Binary option contracts offer defined risk and clear outcomes. They are considered ‘binary’ because there are only two possible outcomes at expiration: you either make a predefined profit, or you lose the money you paid to open the trade. This makes it easier for you when deciding whether to trade, as you know exactly how much you could lose if the markets move against you. And if they don’t, you know the exact size of your potential profit, making this a controlled, yet exciting way to trade.
What is a binary option?
A binary option is a financial instrument that turns every trade into a simple yes or no question – you decide whether a market is likely to be above a certain price, at a certain time. If you think it will be, you buy. If you think it won’t be, you sell.
When you place an order for a binary option contract, you are speculating on the market rather than buying a share of the underlying market. The price is always between $0 and $100.
How do binary options work?
There are three key elements that make up a binary option contract. These are:
- The underlying market. This is the market you choose to trade – Nadex offers forex, stock indices, commodities, and events.
- The strike price. This is the all-important price level. The strike price is central to the binary option decision-making process – to place a trade, you must decide if you think the underlying market will be above or below the strike.
- The expiration date and time. You can trade binary option contracts lasting for up to one week, with a duration as short as five minutes.
There are four markets you can speculate on with binary option contracts:
- Stock indices
Contracts are available day and night. The Nadex platform is designed simply, so at any one time, you can see what contracts are available to trade.
Trading binary options with Nadex is intended to be fast-paced and exciting – traders choose short-term options over long-term investments because they offer defined risk, but also because they’re fun to trade! Binary options trading is an opportunity that can be explored by people with all levels of experience.
Binary options trading explained
Trading a binary option is like asking a simple question: will this market be above this price at this time? If you think yes, you buy, and if you think no, you sell.
Binary options are priced between $0 and $100, so you can decide how much capital you can risk. Each contract will show you the maximum you could gain and the maximum you could lose, so you’re always making an informed decision and losses don’t spiral out of control.

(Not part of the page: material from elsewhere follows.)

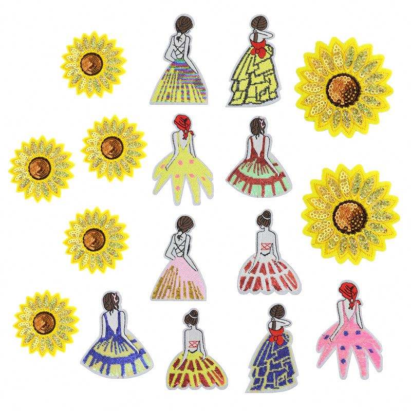 Custom Sequin Embroidery Beautiful Shadow Dancing Girl Princess Sunflower Patches for Girls Clothing

If your trade is successful, you receive a $100 payout, so your profit will be $100 minus the money you paid to open the trade. If your trade isn’t successful, you don’t receive a payout. This means you lost your capital, but nothing else, because your risk is capped.
If you find that you want to exit a contract early before it expires, you can place another order to close your position, limiting losses or locking in profits.

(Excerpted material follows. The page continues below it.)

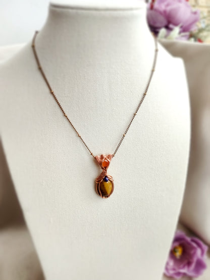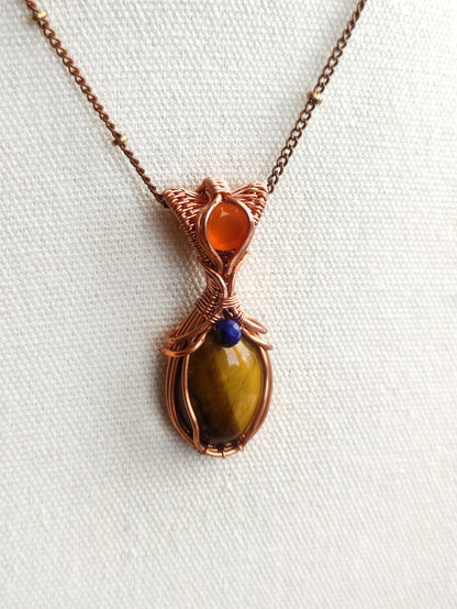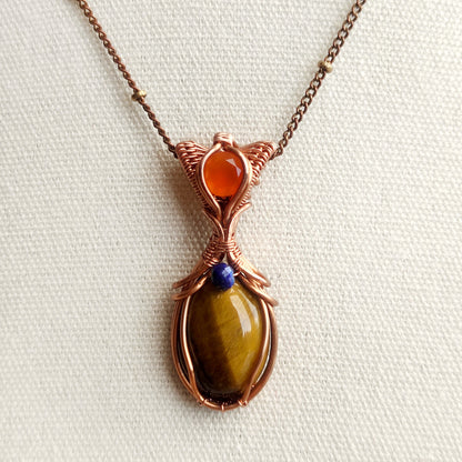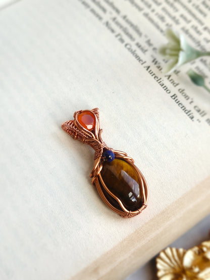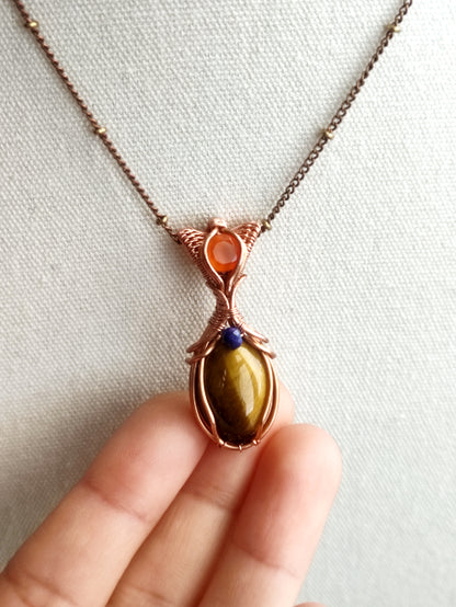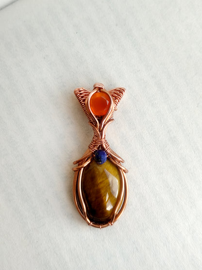 This wire-wrapped pendant is made with a natural Tiger's Eye gemstone. The bail is adorned with a faceted Carnelian gemstone. Finishing with a small Lapis Lazuli bead.

Learn how to trade binary options
- Know the market trends.
- Pick the market you want to trade.
- Select a strike price and expiration.
- Place your trade.
- Wait for expiration, or close out your trade early.

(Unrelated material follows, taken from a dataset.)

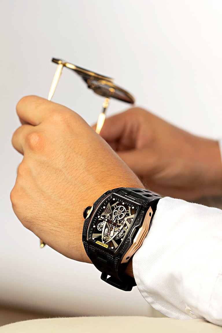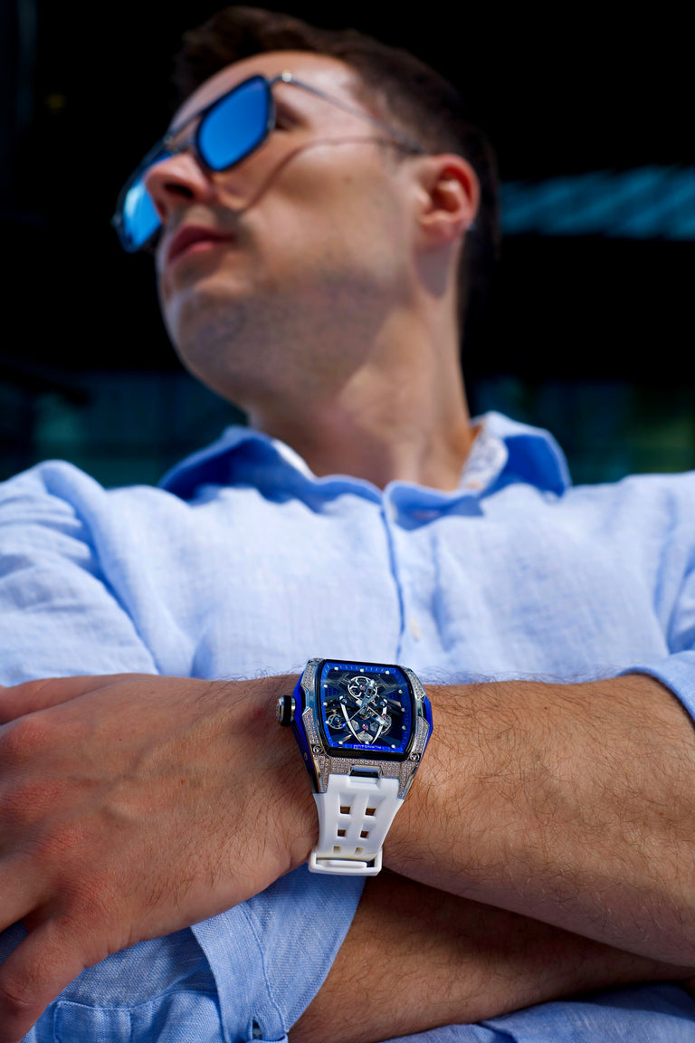 The Hyperion Watch is a statement of power and elegance, defined by its striking tonneau-shaped case. Crafted from 316L stainless steel, it offers exceptional durability while maintaining a sleek finish that enhances its distinctive silhouette. Every curve and contour is designed to catch the light, making the Hyperion not just a timepiece, but a work of art that demands attention.

Trading binary option contracts is a simple process, but understanding the ins and outs of the underlying markets and picking the right trading opportunities for you will take some research and some work.
Binary options trading example
Here is an example of how to trade binary option contracts, using the EUR/USD currency pair:
EUR/USD > 1.1600 (3 a.m.)
The expiration time for the trade is 3 a.m. Simply put, this binary option is asking you: will the EUR/USD currency pair be above 1.1600 at 3 a.m.?
If you think it will be, then you buy. If you think it won’t be, you sell.
In this case, let’s say you buy.
If so, then there are two possible outcomes:
- The indicative index price is at or below 1.1600 at 3 a.m. This means no payout this time and you lose the capital you put up to place the trade. The seller will get the payout instead.
- The indicative index price is one tick or more above 1.1600. You get the $100 payout.
If you don't want to wait until expiration, you also have the option to close your position at the current market price. Your profit or loss in that case is the difference between your entry and exit prices.